How to Create Choropleth Maps with Evenly Distributed Colors in 3 Easy Steps

What will we cover in the tutorial

  • You create your default map using Choropleth from folium (or any other) and the color distribution is poor. Most countries are distributed between two colors, which makes the map less informative.
Example of poor color distribution.
  • Understand the issue
  • How to solve it
  • …and putting it all together.

Step 1: Understand the issue

In this example we have used the divorce rates in reported in various countries on wikipedia’s page of Divorce Demography

At first inspection on the wikipedia page you get an idea of what the problem is.

From wikipedia.org

The divorce rate in Denmark is too high (just kidding, I am from Denmark and not proud that Denmark is ranking number 6 based on percentage of marriages that end in divorce).

The issue is, that the distribution is not even. See the highest is Tunisia with 97.14 percent, then Portugal is second with 70.97 percent. This has to be compared to the color coding. The last two colors are by default distributed to 67 to 82 and 82 to 97, which only contain 1 country each.

To inspect this further, we need to retrieve the data and inspect it.

To retrieve the data we can use pandas – read this tutorial for details or see the code below.

import pandas as pd

# The URL we will read our data from
url = 'https://en.wikipedia.org/wiki/Divorce_demography'
# read_html returns a list of tables from the URL
tables = pd.read_html(url)

# The data is in the second table
table = tables[0]
# We need to remove level 0 of columns as they are disturbing the data
table.columns = table.columns.droplevel(0)

def is_float(str):
    try:
        float(str)
        return True
    except:
        return False

# We need to convert the data to floats
index = 'Divorce_float'
table[index] = table.apply(lambda row: float(row['Percent']) if is_float(row['Percent']) else np.nan, axis=1)

print(pd.cut(table[index], 6).value_counts(sort=False))

If we inspect the output we see that our suggestion was right.

(6.93, 22.04]     25
(22.04, 37.06]    26
(37.06, 52.08]    22
(52.08, 67.1]      9
(67.1, 82.12]      1
(82.12, 97.14]     1
Name: Divorce_float, dtype: int64
The last two color codes are only used by one country each, while the first 3 are used by 20+ countries.

Step 2: Distribute the countries into evenly distributed bins

This requires to understand the difference between cut and qcut of pandas library.

  • cut By default will return the same size bins.
  • qcut Will by default try to return buckets with the same number of items in.

See this example to understand it better.

import pandas as pd

# The URL we will read our data from
url = 'https://en.wikipedia.org/wiki/Divorce_demography'
# read_html returns a list of tables from the URL
tables = pd.read_html(url)

# The data is in the second table
table = tables[0]
# We need to remove level 0 of columns as they are disturbing the data
table.columns = table.columns.droplevel(0)

def is_float(str):
    try:
        float(str)
        return True
    except:
        return False

# We need to convert the data to floats
index = 'Divorce_float'
table[index] = table.apply(lambda row: float(row['Percent']) if is_float(row['Percent']) else np.nan, axis=1)

print(pd.qcut(table[index], 6).value_counts(sort=False))

Where the only difference is that we changed cut to qcut on the last line.

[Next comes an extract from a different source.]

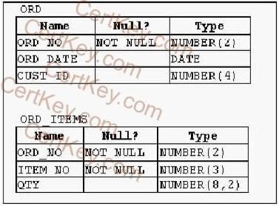 View the Exhibit and examine the structure of the ORDER_ITEMS and ORDERS tables. You are asked to

This will result in the following output.

(7.018999999999999, 17.303]    14
(17.303, 23.957]               14
(23.957, 31.965]               14
(31.965, 40.0]                 15
(40.0, 47.078]                 13
(47.078, 97.14]                14
Name: Divorce_float, dtype: int64

Where we see that each bucket now contains approximately the same number of countries.

Hence, we need to use that for our purpose of color distribution our map.

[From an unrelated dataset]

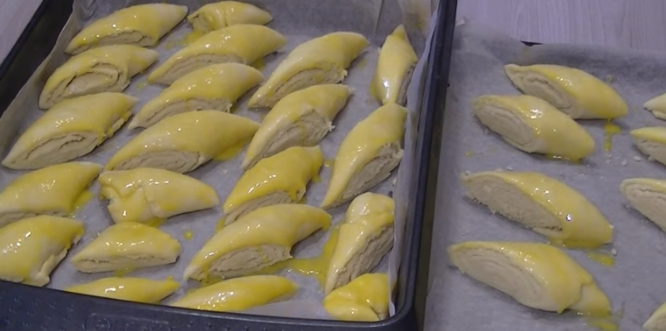Осталось выложить печенье на противень, застеленный пергаментом и сверху смазать яйцом. По желанию можно посыпать орехами или маком.

Step 3: Putting it all together on the map

If you are new to folium and how make awesome leaflet maps easy, I can recommend to read this tutorial, or inspect the code below.

import pandas as pd
import folium
import geopandas
import numpy as np

# The URL we will read our data from
url = 'https://en.wikipedia.org/wiki/Divorce_demography'
# read_html returns a list of tables from the URL
tables = pd.read_html(url)

# The data is in the second table
table = tables[0]
# We need to remove level 0 of columns as they are disturbing the data
table.columns = table.columns.droplevel(0)

# We should clean the data
table['Country'] = table.apply(lambda row: row['Country/region'].split(' (')[0] if type(row['Country/region']) == str else row['Country/region'], axis=1)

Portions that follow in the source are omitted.